Dr. Miller says that cosmetic surgery patients can have Restylane® or other fillers injected into the balls of their feet; however, the treatment shouldn't be performed on a regular basis.

"[Celebrities have] done that generally for pretty independent, specific events. In other words," Dr. Miller explains, "the cost and the procedure is such that you wouldn't do it on an everyday basis. But certainly there are people who, for the bigger awards shows, have done that."

Rumor Patrol Verdict: TRUE!

"People have injected fillers into the balls of feet for comfort," Dr.
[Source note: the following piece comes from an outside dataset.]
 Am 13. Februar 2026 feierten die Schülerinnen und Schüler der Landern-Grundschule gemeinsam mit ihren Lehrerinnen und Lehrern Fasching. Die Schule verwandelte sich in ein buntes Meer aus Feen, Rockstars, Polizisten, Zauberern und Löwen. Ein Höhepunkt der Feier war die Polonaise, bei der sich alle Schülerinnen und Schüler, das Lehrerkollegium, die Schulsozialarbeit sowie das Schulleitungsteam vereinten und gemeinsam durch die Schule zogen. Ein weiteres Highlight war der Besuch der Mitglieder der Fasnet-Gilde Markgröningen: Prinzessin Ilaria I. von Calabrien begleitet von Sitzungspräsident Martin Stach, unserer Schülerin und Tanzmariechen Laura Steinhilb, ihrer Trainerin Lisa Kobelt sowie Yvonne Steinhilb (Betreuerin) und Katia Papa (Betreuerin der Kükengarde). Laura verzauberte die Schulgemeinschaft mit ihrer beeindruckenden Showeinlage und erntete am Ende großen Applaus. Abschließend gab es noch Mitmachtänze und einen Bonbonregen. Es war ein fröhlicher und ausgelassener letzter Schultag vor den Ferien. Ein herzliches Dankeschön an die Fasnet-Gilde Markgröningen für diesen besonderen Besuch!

Miller affirms. "To get through the event and soften the blow."

Rumor #4: Thumb Whittling

In the spring of 2007, the North Denver News reported that a Colorado man had his thumb bones whittled down so he could more easily use his iPhone® and other handheld electronic devices. Bloggers immediately responded to the piece, berating the field of plastic surgery and predicting that the practice was now rising to a new "functional" level. The general public soon realized the Denver publication had posted the story as a satirical piece. But still, we wondered: Would a credible doctor be willing to perform this procedure on a patient?

Expert Opinion:

"You always have to subject any sort of thought or procedure, at least I do as a provider, to logic and a sense of reasonableness. What would be involved in that procedure?" Dr. Miller questions aloud. "Like the toe shortening, what would be involved in that procedure would be techniques that would have the potential for infection, for muscle injury, for nerve injury," Dr. Miller concludes. "You would not do them on a normal extremity."

Rumor Patrol Verdict: FALSE!

According to Dr. Miller, thumb whittling procedures are not in our immediate future.
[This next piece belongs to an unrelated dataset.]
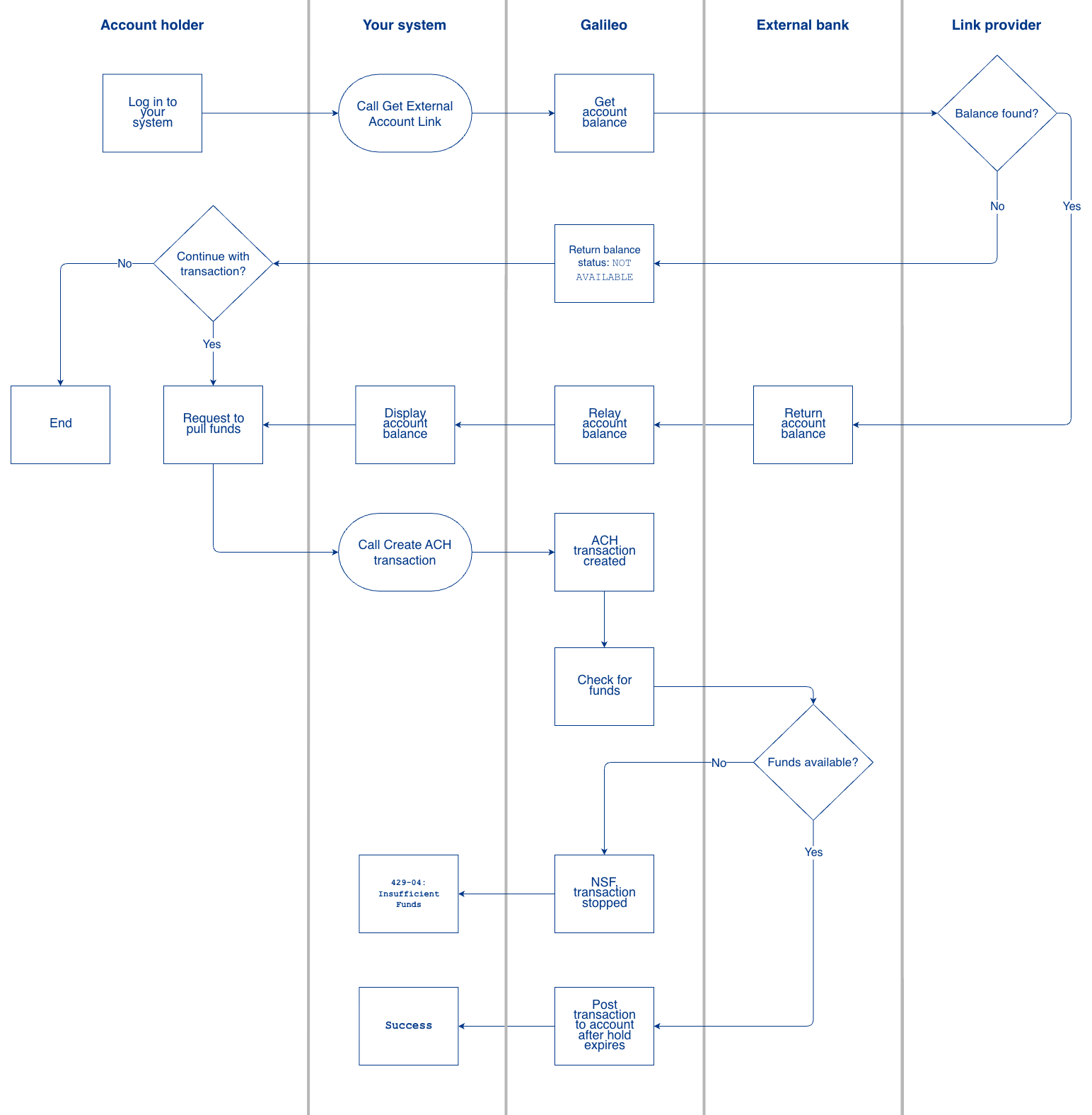 - If you are currently using Galileo for ACH, you will need to work with Galileo to have your system call the new account linking endpoints instead of ACH endpoints. Balance Check is not available on legacy ACH endpoints.

"I think that we're going to have to let Darwinism and natural selection gradually decrease the length of our thumbs if it proves that's a survival advantage," Dr. Miller jokes.

The Rumor Patrol Wrap-Up

Dr. Scott Miller joined the DocShop Rumor Patrol team in busting three plastic surgery rumors and affirming one.

"The aesthetic procedures that catch on are the procedures that either solve a little problem with a little solution or a big problem with a little solution, or even a big problem with a big solution," Dr. Miller says. "But when you're solving little problems with big solutions, people don't get very excited and trends don't catch on."